Penyuluhan hukum gratis yang merupakan buah kerjasama Kantor Pusat LBH-PK dan Kanwil Kemenkumham Jateng ini dilaksanakan di aula balai desa setempat. Acara dihadiri 30 orang yang merupakan perwakilan komponen pemdes, kelembagaan desa serta tokoh atau orang yang ditokohkan pada desa tersebut.

Kepala Desa Karangkemiri Sukmiah mengatakan menyambut baik program dari LBH-PK dan memberikan apresiasi sebab kegiatan sangat bermanfaat bagi warganya. “Karangkemiri baru kali ini mendapat program penyuluhan hukum gratis dari LBH-PK. Ini program bagus, berkwalitas dan amat bermanfaat bagi warga desa yang memang awam hukum,” kata Kades perempuan yang dikenal tegas dan disiplin tersebut saat memberikan sambutan.

Penyuluhan hukum gratis di Desa Karangkemiri menghadirkan Slamet Kusnandar,SH yang merupakan salah satu dewan pendiri sekaligus waketum LBH-PK Pusat sebagai narasumber utama. Dengan gayanya yang khas ‘njawani’, diselingi sedikit humor untuk mencairkan suasana, Slamet memaparkan definisi anak dan hak anak, hak-hak anak, kebutuhan dasar anak, persoalan anak dan pengertian perlindungan anak.

Slamet mengatakan bahwa perlindungan anak adalah segala kegiatan untuk menjamin dan melindungi anak dan hak-haknya agar dapat hidup, tumbuh, berkembang dan berpartisipasi secara optimal sesuai dengan harkat dan martabat kemanusiaan serta mendapat perlindungan dari kekerasan dan diskriminasi. “Negara sangat berkepentingan melindungi hak-hak anak dan memberikan jaminan perlindungan agar anak sebagai generasi penerus bangsa bisa tumbuh, berkembang dengan sebaik-baiknya,” ungkapnya.
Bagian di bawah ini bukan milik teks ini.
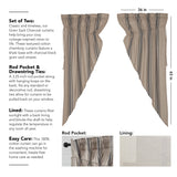 Classic and timeless, our Grain Sack Charcoal Prairie Short Panel Set 63x36x18 helps bring your cozy cottage-inspired vision to life. Perfect for any season, these textured cotton chambray curtains feature a khaki base with charcoal black grain sack stripes. This refreshing window treatment coordinates effortlessly with our Farmstead Charcoal bedding collection for a complete look in your vintage-style bedroom. Give your curtains a simple refresh using the drawstring ties attached.
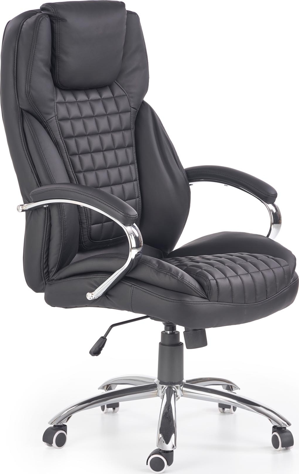 En mysig kontorsstol med en lyxig design. Kontorsstolen är tillverkad av metall och plast med en lyxig och mycket behaglig klädsel av konstläder för maximal komfort. Stolens höjd är lätt justerbar med hjälp av spaken under sitsen och stolen är även lätt att förflytta tack vare hjulen på stjärnfoten.

Ia menambahkan bahwasanya anak adalah investasi besar bangsa dan negara untuk kokoh tegaknya negara bangsa ini. “Eksistensi negara ini salah satunya ada pada sikap negara memperlakukan anak sebagai generasi penerus,” imbuhnya.

Forum penyuluhan UU Perkawinan berlangsung kondusif, interaktif serta dialogis. Penyuluhan hukum yang dilaksanakan dengan aturan prokes covid19 itu menghangat saat sesi tanyajawab. Beberapa peserta menanyakan hal ihwal dispensasi nikah. Slamet memberikan pandanganya terkait dispensasi nikah.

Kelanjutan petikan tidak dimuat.